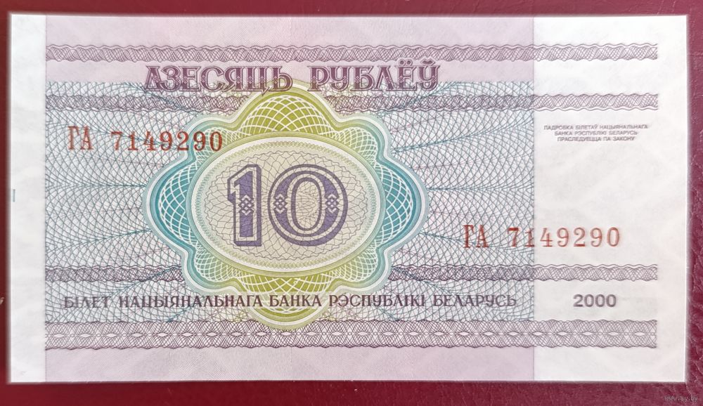 10 рублей 2000 года, серия ГА - UNC
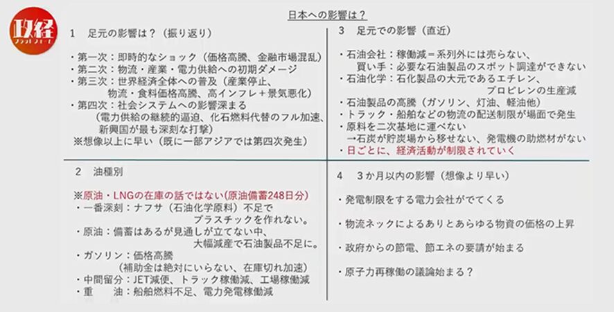 まさにそのような現象が各所で起きています。中間材の価格上昇はすでに広がっており、調べればすぐに確認できます。一方で、日本政府が一番鈍く、節電要請などは現時点でほとんど出ていません。
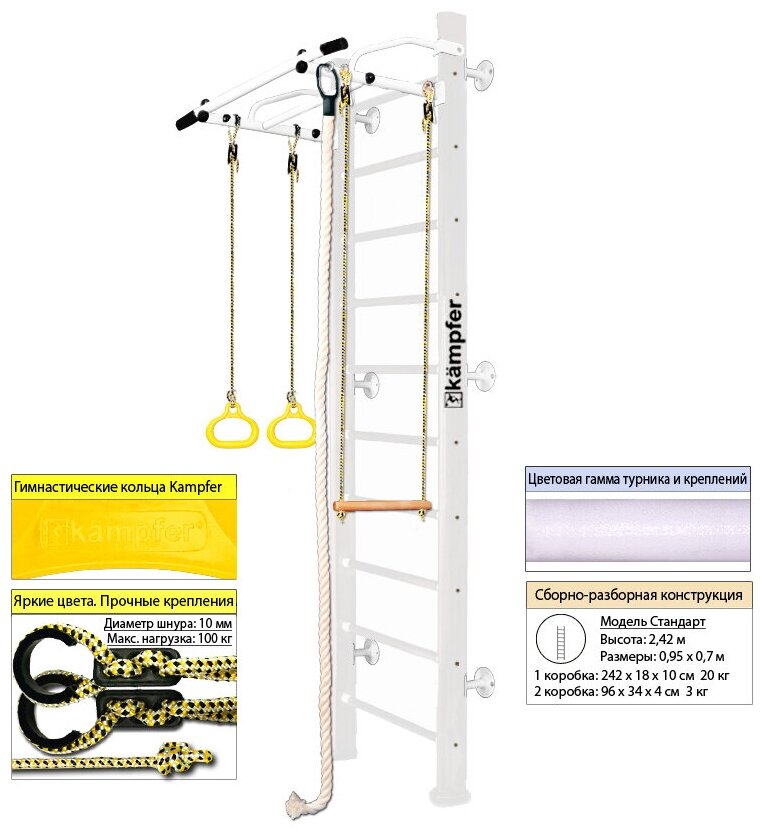 Шведская стенка Kampfer Helena Wall, №6 Жемчужный Стандарт белый турник информация:

| What to work on |
All of the material above should be reproduced exactly, except the pictures.

| Result for this task |
 10 рублей 2000 года, серия ГА - UNC
 まさにそのような現象が各所で起きています。中間材の価格上昇はすでに広がっており、調べればすぐに確認できます。一方で、日本政府が一番鈍く、節電要請などは現時点でほとんど出ていません。
 Шведская стенка Kampfer Helena Wall, №6 Жемчужный Стандарт белый турник информация:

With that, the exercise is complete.